James 1:2-4 says, “Consider it pure joy, my brothers and sisters, whenever you face trials of many kinds, because you know that the testing of your faith produces perseverance. Let perseverance finish its work so that you may be mature and complete, not lacking anything.”

I told you guys I just love the book of James…

During that conversation with my husband, we started talking about how having kids has changed us, for better and worse, but it got me thinking about why God gave us twins; why did He think WE are capable of raising them? We often wonder that after having really rough days, but I find comfort in that He has an amazing plan for us and our family. There is nothing easy about raising children, twins or not, I’ve learned that in the past 4 years. But something I’m learning now is that God is using those hard days, those trials, to shape us as parents, individuals, and children of God. Leaning on Him and persevering through trials is imperative if we want to “receive the crown of life”.

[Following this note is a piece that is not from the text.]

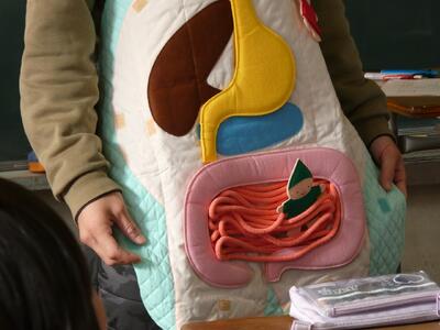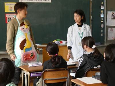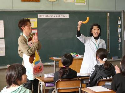 給食センターより外部指導者を招いて、5年生で栄養指導を行いました。今日は、「朝ごはん」についてです。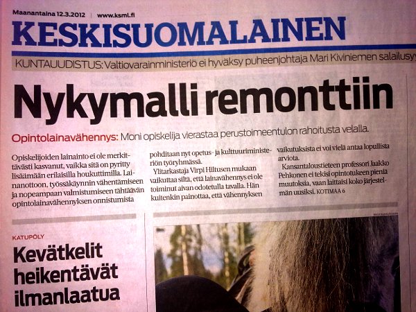 Keskisuomalainen maanantaina 2012-03-13.Nykymalli remonttiin.

So I don’t know when it gets easier, all I know is that every older parent I’ve ever met says it goes by so fast. And now the second time around with our little Charles, I’m seeing that and not taking it for granted. I’m trying to embrace every stage, every question, and every challenge because one day we’ll miss this. And I’m finally realizing that I need to celebrate (yes, celebrate) all the challenges motherhood brings me because it’s really shaping and maturing me for His use.